Task prompt
From the records below, transcribe only the lines running from the one with "Choice of meat." through the one with "THE WHITE MAN'S". Keep both of those end lines.

Source information
*** Begin section ***
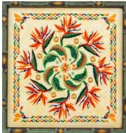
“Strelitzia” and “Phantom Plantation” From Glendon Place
*** End section ***
*** Begin section ***
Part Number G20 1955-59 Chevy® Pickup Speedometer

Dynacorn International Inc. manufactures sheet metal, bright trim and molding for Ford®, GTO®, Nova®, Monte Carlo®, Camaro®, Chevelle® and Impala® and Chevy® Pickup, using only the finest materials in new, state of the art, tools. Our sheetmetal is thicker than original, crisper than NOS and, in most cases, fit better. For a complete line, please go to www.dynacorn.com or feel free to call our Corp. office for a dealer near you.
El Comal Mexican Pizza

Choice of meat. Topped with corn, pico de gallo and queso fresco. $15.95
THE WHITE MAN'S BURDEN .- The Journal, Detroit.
*** End section ***
*** Begin section ***
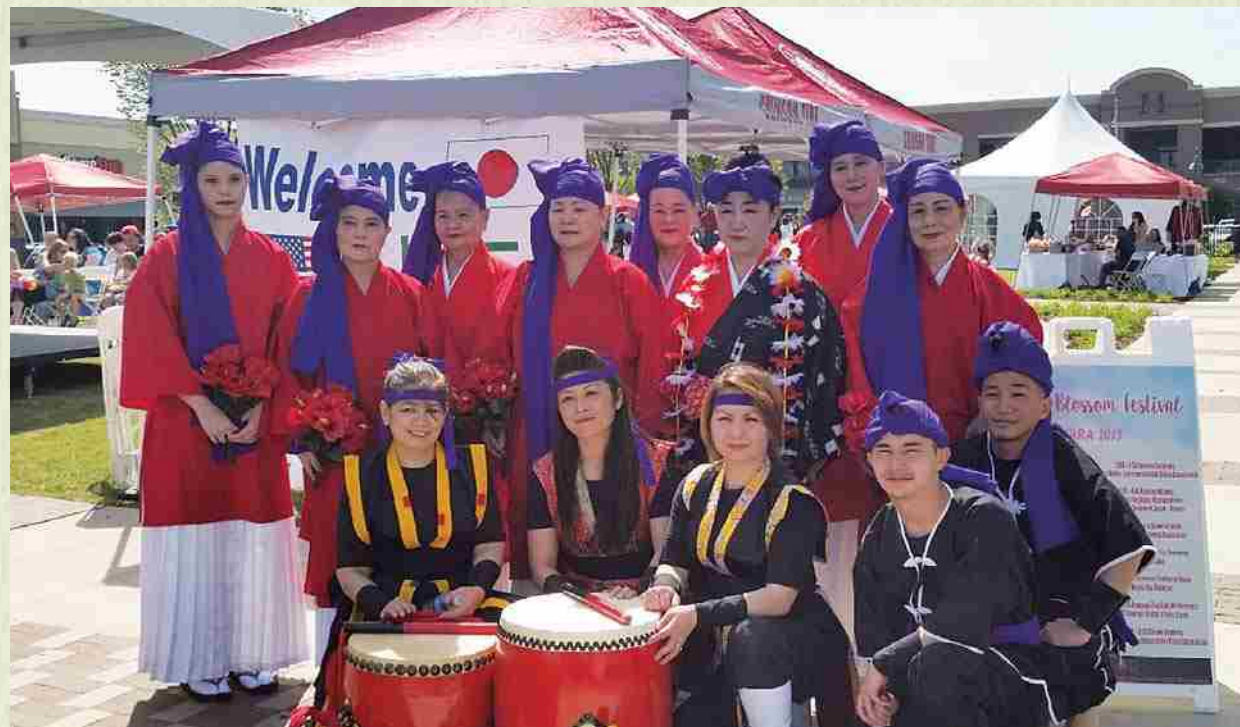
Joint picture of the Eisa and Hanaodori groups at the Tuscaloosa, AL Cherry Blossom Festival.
*** End section ***
Expected output
Choice of meat. Topped with corn, pico de gallo and queso fresco. $15.95
THE WHITE MAN'S BURDEN .- The Journal, Detroit.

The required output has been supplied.